BRIEF DESCRIPTION OF THE DRAWINGS

[0007] The foregoing summary, as well as the following detailed description of illustrative embodiments, is better understood when read in conjunction with the appended drawings. For the purpose of illustrating the embodiments, there is shown in the drawings example constructions of the embodiments; however, the embodiments are not limited to the specific methods and instrumentalities disclosed. In the drawings:

[0008] FIG. 1 is an illustration of a GroupBy operation;

[0009] FIG. 2 is an illustration of a Join operation;

[0010] FIG. 3 is an illustration of a GroupBy operation using one level of partitioning;

[0011] FIG. 4 is an illustration of a Join operation using one level of partitioning;

[0012] FIG. 5 is an illustration of an example environment for accelerating one or more query operators in a hardware device;

[0013] FIG. 6 is an illustration of an example hardware device for accelerating one or more query operators;

[0014] FIG. 7 is an illustration of an example sequence of operations of a hardware device for performing a GroupBy or part of a Join operation;

[0015] FIG. 8 is an illustration of an implementation of an exemplary method for executing one or more query operators on a hardware device;

[0016] FIG. 9 is an illustration of an implementation of an exemplary method for executing a query operator on a hardware device; and

[0017] FIG. 10 is an illustration of an exemplary computing environment in which example embodiments and aspects may be implemented.

DETAILED DESCRIPTION

[0018] As will be described further with respect to FIG. 5, a hardware accelerator is provided that efficiently accelerates query operators for large input datasets. The hardware accelerator may be used with a variety of query based programming languages such as LINQ and SQL. Other programming languages may also be supported.

[0019] LINQ is a .NET framework component for manipulating sets or collections of elements. LINQ has seven primary operators, and as described further below, also allows users to create their own custom lambda operators or functions. The lambda operators may be combined with one or more of the primary operators. The seven primary LINQ operators are Where, Select, SelectMany, Aggregate, OrderBy, GroupBy, and Join.

[0020] The Where operator applies a Boolean filter or expression to an input collection and returns elements of the collection that evaluate to true. Multiple Where operations may be combined to create more complex expressions.

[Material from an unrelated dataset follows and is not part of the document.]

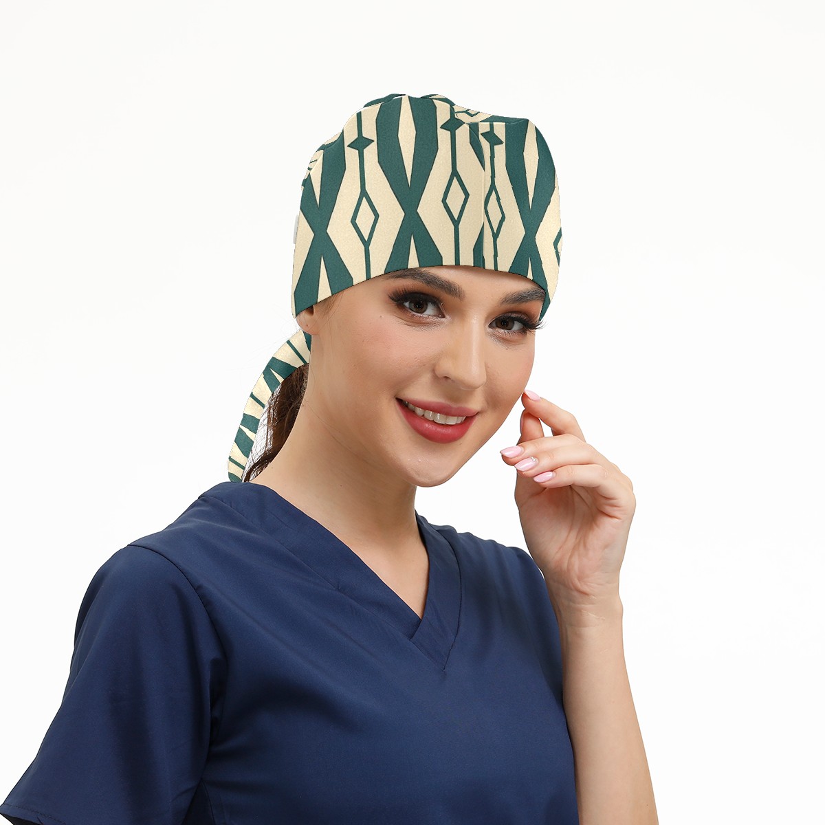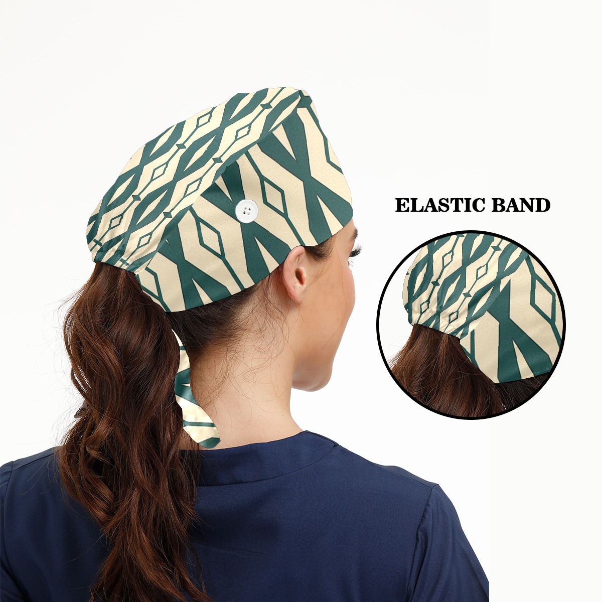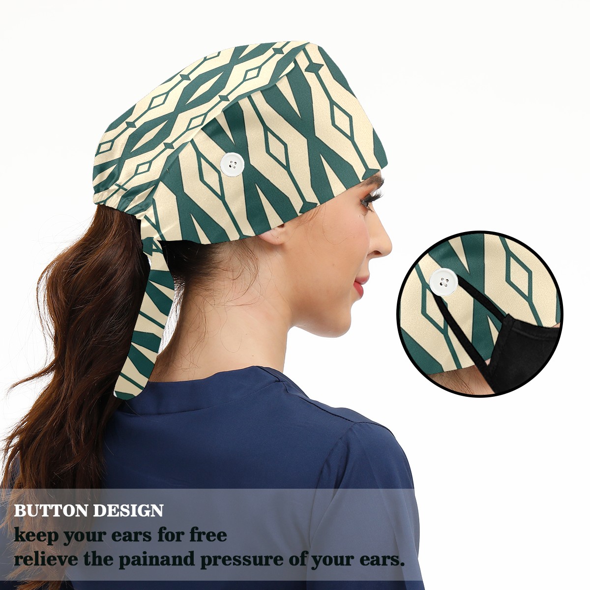 Working Caps with Button & Sweatband Satin Lined Cotton Adjustable Nurse Hats Elastic Band Scrub Cap Surgeon Hat Abstract

In addition, a custom lambda operator may be used as the Boolean filter for the Where operator.

[0021] The Select operator performs a projection onto an input collection, resulting in a new collection. The Select operator includes an expression that controls what the new collection may include. The expression may include custom lambda operators.

[0022] The SelectMany operator generates a collection for each element in the input (by applying a function), then concatenates the resulting collections. The expression may include custom lambda operators.

[0023] The Aggregate operator takes as an input two items of a collection, and outputs a new data collection that is a combination of the two input items. The Aggregate operator includes an expression that controls how the input data collections are combined. Similar to the Select operator, the expression may include custom lambda operators.

[0024] The OrderBy operator takes as input an input data collection and sorts the elements of the input data collection according to a key generated for each element. A default expression or a custom lambda operator may be used to generate the keys.

[0025] The GroupBy operator takes as an input an input data collection and creates multiple partitions of the input collection according to a key generated for each element. Similar to the OrderBy operator, the keys may be generated using either a default expression or a custom lambda operator.

[0026] The Join operator takes as an input two input collections and performs an inner join on the input collections. Two lambda operators are used to generate keys for each element of the two input data collections. If the keys for two elements match, a third lambda operator is used to generate an element from the two matching elements. The GroupBy and Join operators are described in more detail with respect to FIGS. 1-4.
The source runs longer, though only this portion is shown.